Intelligence services in Italy believe that the country faces an imminent threat from Islamic State fighters based in Albania, according to the Italian daily La Repubblica.
The newspaper’s source describes remote Albanian villages “which have raised ISIS flags”, recalling reports of similar “Sharia villages” loyal to the terror group in Bosnia.
“[T]his is a powder keg,” the source warned. “Italy is an exposed country.”
Apulia, or Puglia, is thought to be particularly exposed. Albania is just two hours away across the Adriatic, and the Albanian mafia has been running an “unstoppable” people-trafficking and drug-smuggling operation through the region for years.
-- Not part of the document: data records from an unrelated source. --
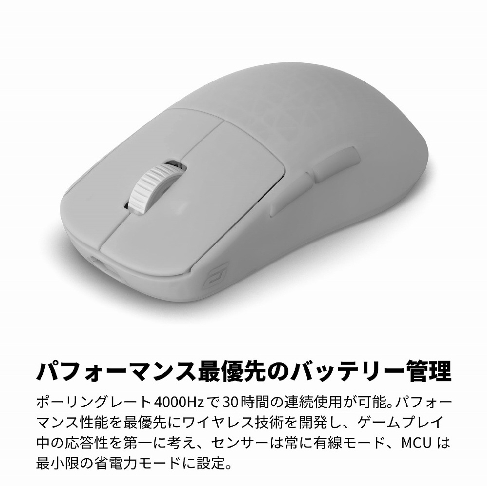 「OP1w 4K」は、小型サイズのゲーミングマウス「OP1」のワイヤレス・4Kポーリングレートモデル。
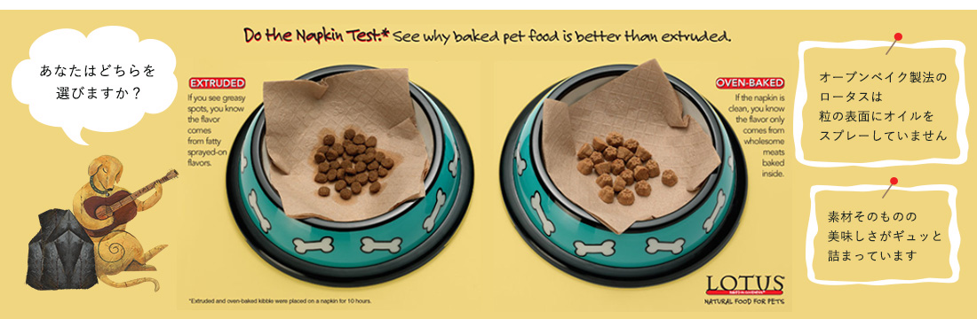 ロータスドライフードは製法にもこだわったオーブンベイク製法。ロータスウェットフードは余分な水を加えない調理法。どちらも原料のおいしさを追及した、全年齢対応のドッグフード・キャットフードです。
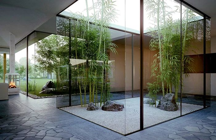 你不需要一個大型的戶外空間為家里添置一個巖石園。如下圖所示,在家里,用玻璃框起來的巖石園使得居住空間與自然融為一體。不妨觀察觀察沙子的形式,感受一下它是如何創造河流蜿蜒的錯覺。
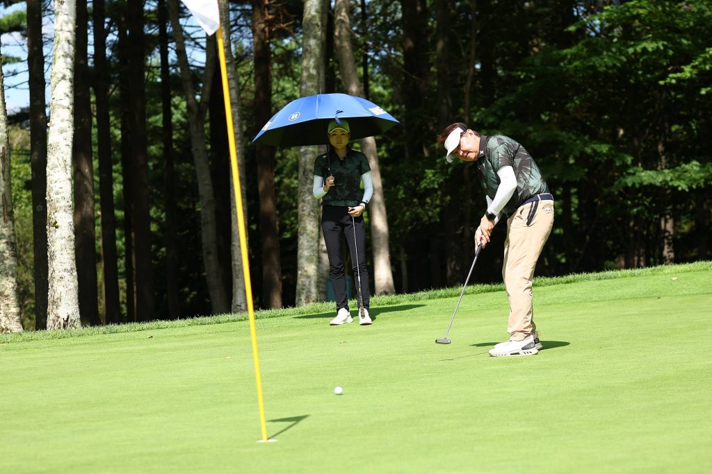 インターバルではパッティング練習ができます。前半の反省を踏まえて再調整を。
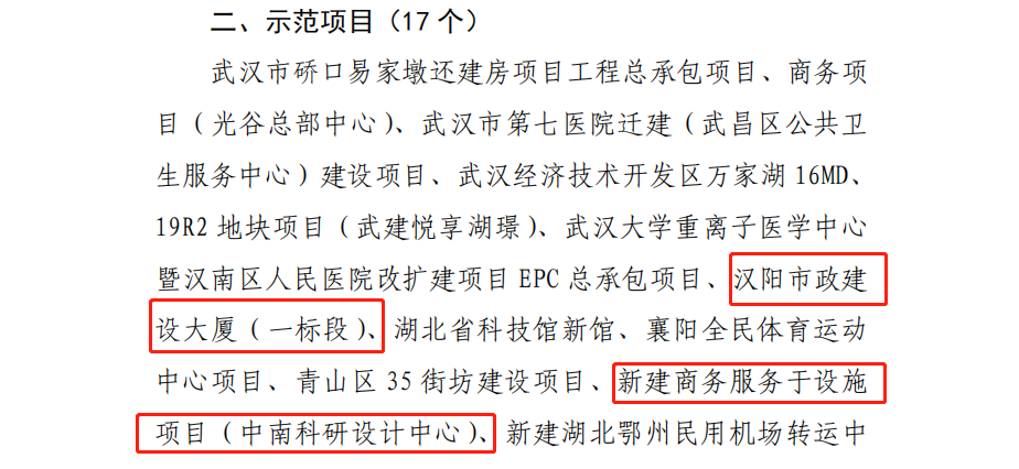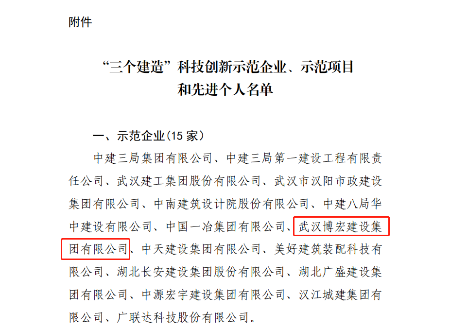 12月28日湖北省住房和城鄉建設廳發布關于綠色建造智能建造品質建造科技創新工作情況的通報,博宏建設集團入選“三個建造”科技創新示范企業;漢陽市政建設大廈(一標段)、新建商務服務與設施項目(中南科研設計中心)項目入選“三個建造”科技創新示范項目;嚴俊、楊云華入選“三個建造”科技創新先進個人。
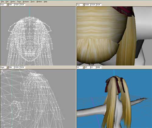 ゴールデンドアラ頭はHairグループと二つのHairalphaグループで作られています。テクスチャーを透過してフサフサにしたかったので耳毛がhairalphaグループになります。 HairグループはOpacityが-1なので、基本透過処理すると透過した部分は地肌になりますよね?透過度合いはBodyMeshと同じになると思っていますが、ドアラの頭の様に透過する必要の無いパーツはHairグループのみで作っております。 このHairグループって何だか特殊な気がします。ゴールデンドアラ頭はHairalphaパーツよりHairパーツの方が大きいので、ヘアMeshを作る時にいつもはしない事をいくつか試しでしてみました。 HairグループにHairalphaグループを溶接してみる ※溶接した瞬間、Hairalphaグループが画面から消失、MS3D上では両グループ反映されますが、Sims2内ではHairグループのみ反映されて、Hairalphaグループは反映されませんでした。 ※Hairグループのテクスチャーサイズを変更する 基本の512×512から1024×512サイズへ変更してみました。結果Hairグループのみテクスチャーが反映されず真っ黒に。Hairalphaグループのみテクスチャーが反映され黒い頭にフサフサの毛が生えてる状態に。MS3D上ではちゃんと反映されてるので、気が付かずにSims2に入れるとちょっとビックリします。テクスチャーのサイズを512×512に戻すと、ちゃんと反映されるようです。 なので?Hairグループのみ通常の512×512サイズで取り、Hairalphaグループはそれ以外の大きさでもちゃんと反映されるっぽい事がやっとわかりました。1024×1024だろうが16×16だろうがHairalphaグループなら大丈夫みたい。 状態がわかりやすいSSがあれば良かったのですが、何も撮ってなくはたしてこの文章でNG具合が伝わるのか心配ですが、一応箇条書きしてみました。 寂しいので何か貼ってごまかそう 02落書き板でも書いていましたが、ロックマン風が男子サーボなら女子サーボはRAキャシーみたいに可愛いくしてあげたいと思い、作りかけも放置で又作り始めました。
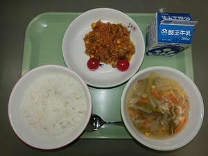 今日の給食メニューは、ごはん、牛乳、ドライカレー、ミニトマト(2個)、コンソメスープでした。
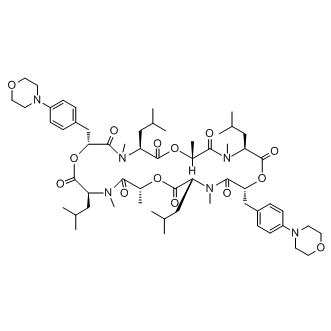 SMILESO=C([C@H](CC(C)C)N(C)C([C@@H](C)OC([C@H](CC(C)C)N(C)C([C@@H](CC1=CC=C(N2CCOCC2)C=C1)OC([C@H](CC(C)C)N(C)C([C@@H](C)OC([C@H](CC(C)C)N3C)=O)=O)=O)=O)=O)=O)O[C@H](CC4=CC=C(N5CCOCC5)C=C4)C3=O
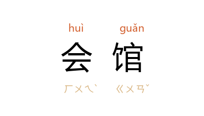 ⒈ 旧时同省、同府、同县或同业的人在京城、省城或国内外大商埠设立的机构,主要以馆址的房屋供同乡、同业聚会或寄寓。
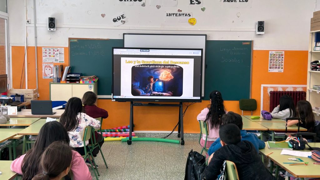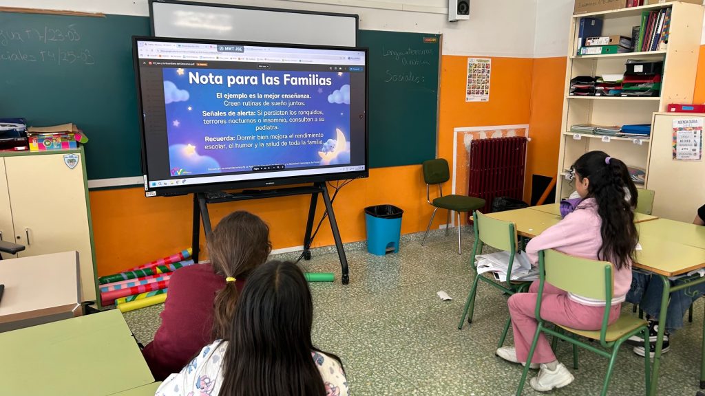 Por otra parte, el pasado viernes 13 de marzo, trabajaron la acción simbólica de la Higiene del sueño y del descanso. A partir del cuento de Leo y la Guardiana del sueño, trabajaron aspectos relacionados con la Higiene del sueño y su importancia para una vida saludable. Se realizaron dinámicas y conversaciones en las que el alumnado reflexionó sobre sus horas de sueño y la calidad de las mismas, sobre el uso de pantallas o sobre las rutinas que realizan antes de dormir. Fue muy productivo e interesante debatir con el alumnado y verles recapacitar sobre sus hábitos del sueño.

The Repubblica report comes just days after top police chief Franco Gabrielli warned Italians last week that “ISIS will strike Italy soon”.
“I say it openly: we will have to pay a price as well,” he predicted. “[I]nvestigations … have shown that most people arrested in our country with links to ISIS were very close to actually carrying out attacks and killing others.”
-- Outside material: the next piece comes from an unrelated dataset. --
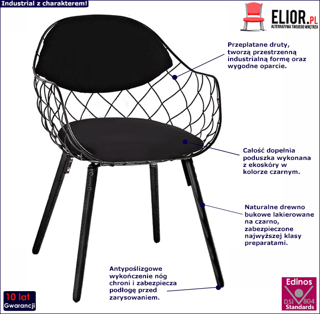 Konstrukcja mebla wykonana została z najwyższej jakości metalu pomalowanego proszkowo odpornym na zarysowania i zadrapania. Najwyższa jakość techniki metody natrysku proszkowego pozwoliła zaoferować marce Edinos Premium aż 10 lat gwarancji na swoje produkty. Technika malowania proszkowego charakteryzuje się dużą trwałością, odpornością na korozję, chemikalia, wysoką temperaturę oraz uszkodzenia mechaniczne, dzięki czemu znacznie podnosi walory użytkowe i estetyczne mebla. Wygodne i praktyczne siedzisko to zasługa designerskiej tapicerki w kolorze czarnym pokrytej najwyższej jakości skórą ekologiczną, łatwą do utrzymania w czystości, co jest szczególnie istotne w przypadku produktów wykorzystywanych podczas spożywania posiłków. Ekoskóra używana przy produkcji mebli marki Edinos Premium jest o wiele bardziej odporna na słońce oraz substancje płynne , co pozwala Ci na długie i bezpieczne użytkowanie. Plama po hucznej imprezie nie będzie już dla Ciebie problemem!
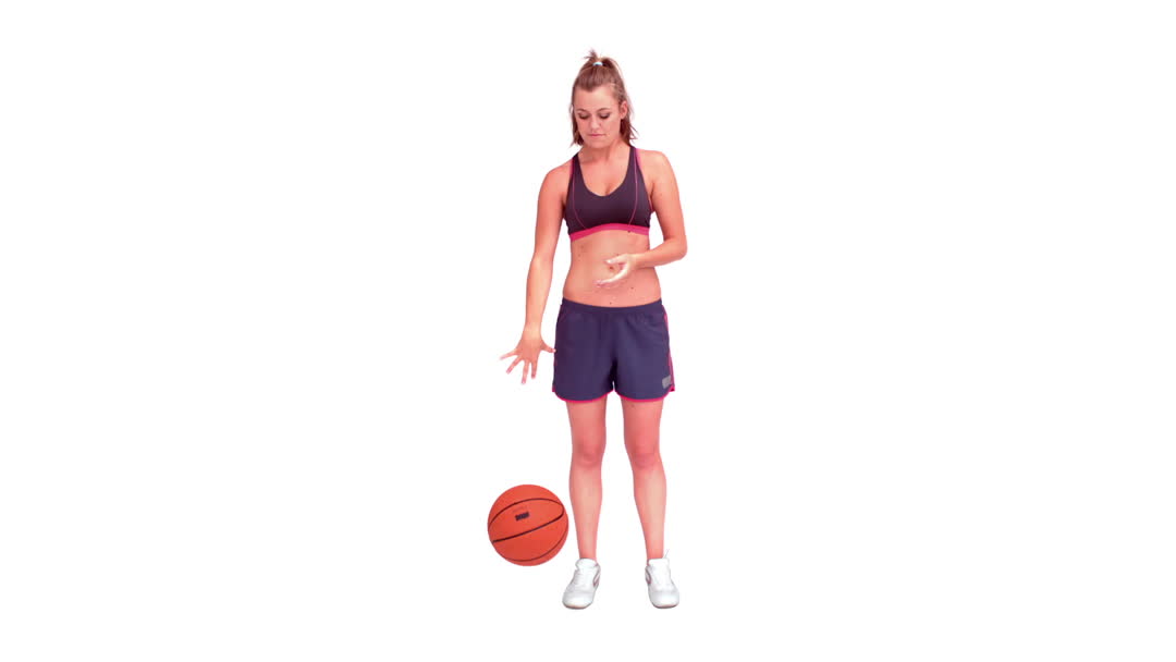 Woman dribbling a basketball confidently, demonstrating agility and focus in sports practice on a white background. Ideal for use in marketing campaigns related to sports education, female athletes, and fitness training. Great video for highlighting the dynamic nature of basketball and promoting active lifestyles.

The European Union (EU) made Albania an official Candidate Country in 2014, paving the way for full membership of the bloc and unrestricted migration between the Balkan republic and EU member-states.
The EU had already granted visa-free travel to Albania and neighbouring Bosnia in 2010, leading to a sharp increase in the activity of Albanian arms dealings, drug smuggling, and people trafficking throughout the continent.
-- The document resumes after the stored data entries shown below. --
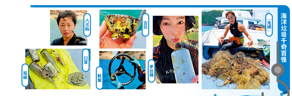 「執了咁多年海底垃圾,除了「鬼網」,最常見是玻璃樽、汽水罐和膠袋,執過的垃圾由洗衣機、床褥、引擎、冷氣機,包括今次的軚盤,甚至連關公瓷像、茅台樽、麻將都有,次次新鮮,次次不同!」垃圾數量與種類之多令人咋舌,身兼資深潛水教練的藝人余曉彤說時十分感慨。
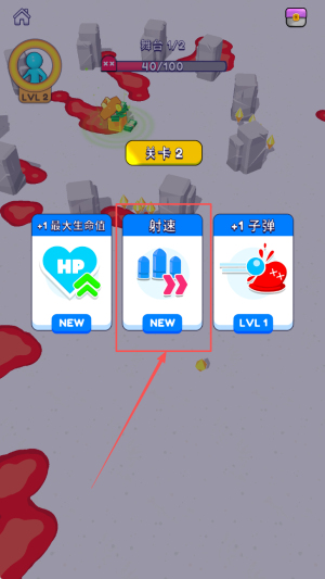 4、升级能力:在战斗中收集道具来升级你的角色能力,如生命值、射速和子弹数量。
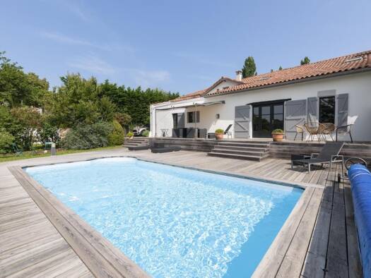 Aux portes d'HAGETMAU Nichée dans un environnement boisé et calme, cette superbe villa contemporaine de plain-pied de 114 m2 habitables, construite en 2008, offre des prestations de qualité et de trè...
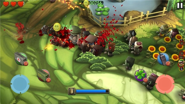 3、游戏画面依旧沿用了人气颇高的2.5D构图,还加入了动画渲染效果。主角与怪物均为方块造型,十分Q萌,尽管是击杀僵尸的设定,却毫无血腥感,反而充满了喜感。游戏的场景刻画也相当精致细腻。
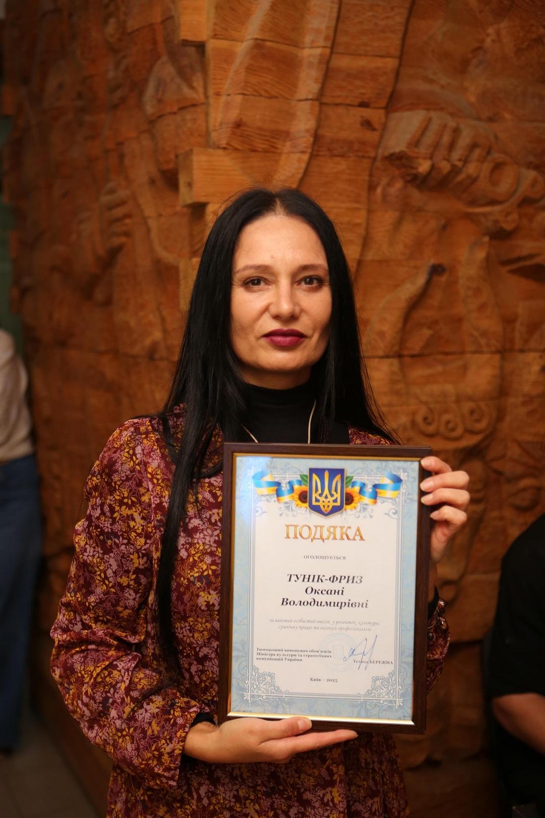 У межах заходу Подяки Міністерства культури та стратегічних комунікацій України за вагомий внесок у розвиток культури отримали фронтвумен гурту «ONUKA» Наталія Жижченко та очільниця Єдиного мистецького простору Чернігівщини Оксана Тунік-Фриз.
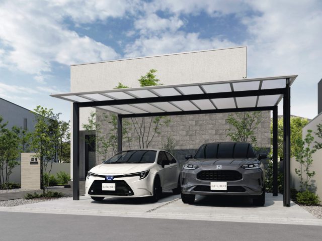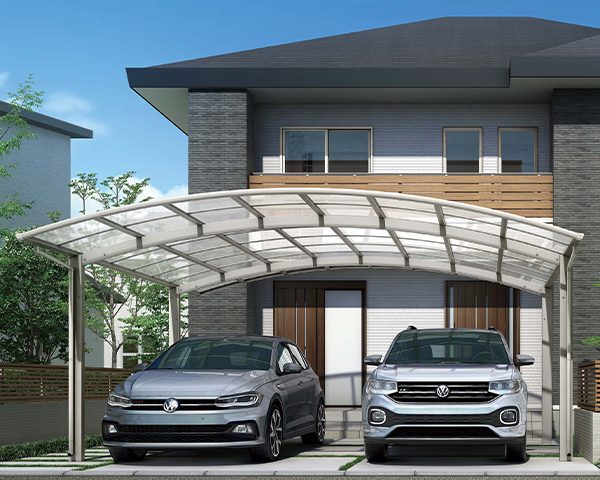 シャープでスタイリッシュなハイデザインカーポート。幅広い敷地対応力も魅力です。

According to Luke Coffrey, Director of the Foreign Policy Centre at the Heritage Foundation, Albania is now the epicentre of the European drugs trade. Last year it took 800 armed police to break up a drug-manufacturing mountain compound worth £4 billion and guarded by a “staggering arsenal of machine guns, RPGs and grenades”. There are allegations, disputed by the Albanian government, that Islamic State has now replaced the crime lords as masters of the village from which it operated.
The UK, although outside the EU’s borderless Schengen Area, has also become increasingly vulnerable to Albanian people-smugglers and illegal immigrants, who face few barriers between their home state and Britain’s “porous” maritime borders. The Coastguard picked up 18 Albanian migrants attempting an illegal sea crossing, similar to those which have overwhelmed Italy, last summer, and the number of Albanian “child slaves” in the UK has surged in the years since the EU relaxed visa restrictions.
Britain’s small airfields were also branded “defenceless” by a judge earlier this week after a Lithuanian pilot was convicted for smuggling three Albanians into Norfolk in a light aircraft.